[YOUR INSTRUCTIONS]
Excluding pictures, give the entries again exactly as they appear.

Data excerpts:
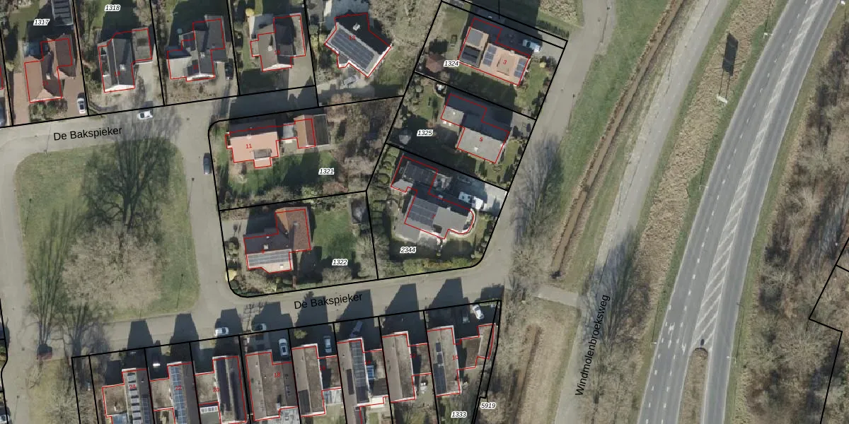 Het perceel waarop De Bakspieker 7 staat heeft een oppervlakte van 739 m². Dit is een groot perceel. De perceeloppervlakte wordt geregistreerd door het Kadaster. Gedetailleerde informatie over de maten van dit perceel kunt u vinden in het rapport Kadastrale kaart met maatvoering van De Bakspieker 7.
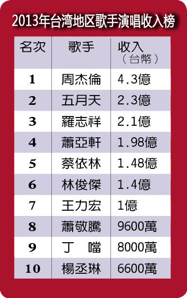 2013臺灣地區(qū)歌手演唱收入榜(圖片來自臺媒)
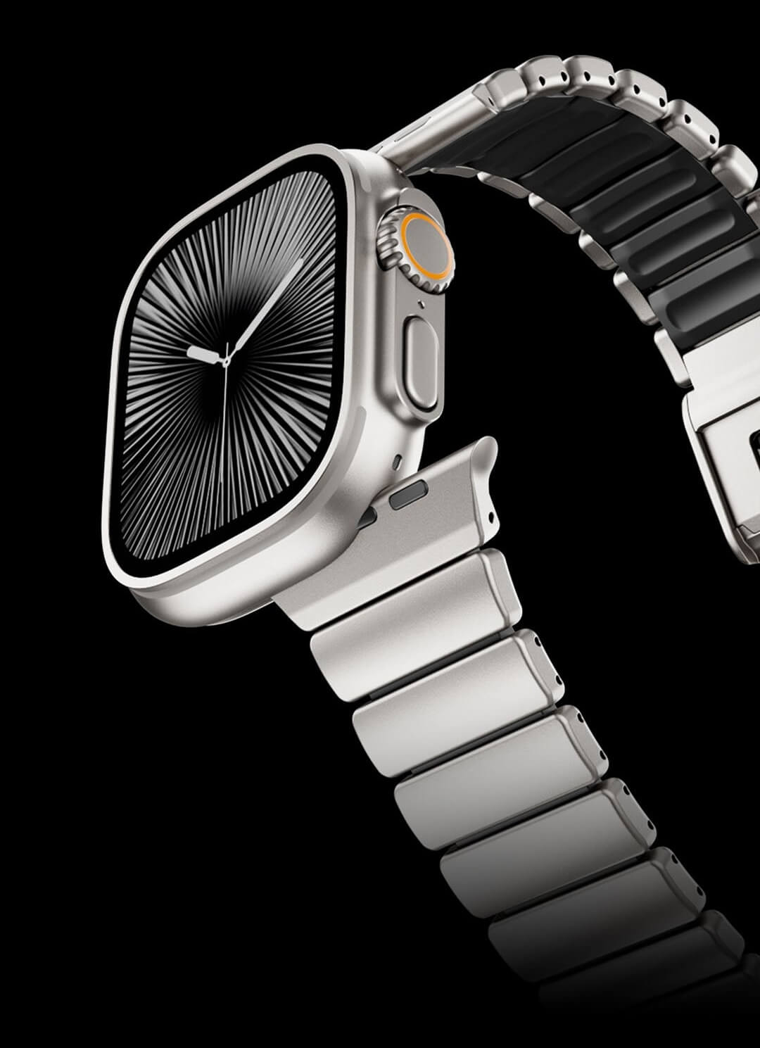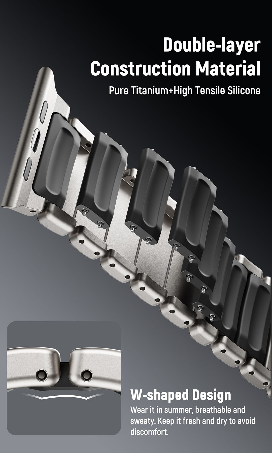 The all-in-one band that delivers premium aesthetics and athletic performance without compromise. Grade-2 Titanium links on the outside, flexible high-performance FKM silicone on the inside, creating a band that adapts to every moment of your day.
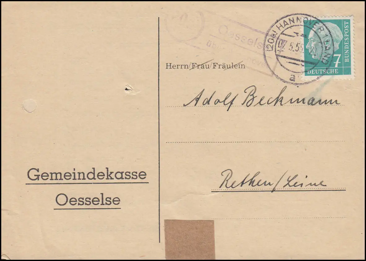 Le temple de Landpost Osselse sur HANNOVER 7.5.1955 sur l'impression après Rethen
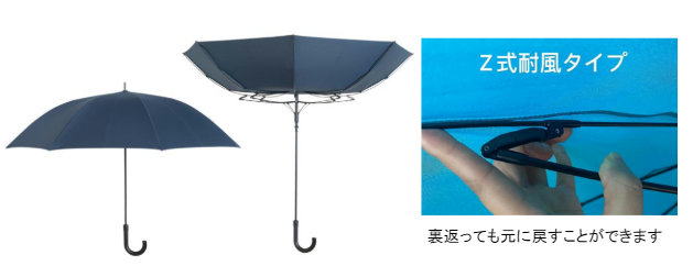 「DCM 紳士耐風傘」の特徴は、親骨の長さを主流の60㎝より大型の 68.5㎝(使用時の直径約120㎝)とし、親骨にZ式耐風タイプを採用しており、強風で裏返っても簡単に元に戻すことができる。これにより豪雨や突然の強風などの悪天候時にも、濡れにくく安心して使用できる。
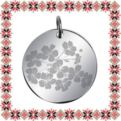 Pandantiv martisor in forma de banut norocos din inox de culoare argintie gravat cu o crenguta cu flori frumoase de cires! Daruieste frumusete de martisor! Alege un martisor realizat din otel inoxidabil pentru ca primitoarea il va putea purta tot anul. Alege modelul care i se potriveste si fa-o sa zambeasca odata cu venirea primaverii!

[EXERCISE OUTPUT]
 Het perceel waarop De Bakspieker 7 staat heeft een oppervlakte van 739 m². Dit is een groot perceel. De perceeloppervlakte wordt geregistreerd door het Kadaster. Gedetailleerde informatie over de maten van dit perceel kunt u vinden in het rapport Kadastrale kaart met maatvoering van De Bakspieker 7.
 2013臺灣地區(qū)歌手演唱收入榜(圖片來自臺媒)
 The all-in-one band that delivers premium aesthetics and athletic performance without compromise. Grade-2 Titanium links on the outside, flexible high-performance FKM silicone on the inside, creating a band that adapts to every moment of your day.
 Le temple de Landpost Osselse sur HANNOVER 7.5.1955 sur l'impression après Rethen
 「DCM 紳士耐風傘」の特徴は、親骨の長さを主流の60㎝より大型の 68.5㎝(使用時の直径約120㎝)とし、親骨にZ式耐風タイプを採用しており、強風で裏返っても簡単に元に戻すことができる。これにより豪雨や突然の強風などの悪天候時にも、濡れにくく安心して使用できる。
 Pandantiv martisor in forma de banut norocos din inox de culoare argintie gravat cu o crenguta cu flori frumoase de cires! Daruieste frumusete de martisor! Alege un martisor realizat din otel inoxidabil pentru ca primitoarea il va putea purta tot anul. Alege modelul care i se potriveste si fa-o sa zambeasca odata cu venirea primaverii!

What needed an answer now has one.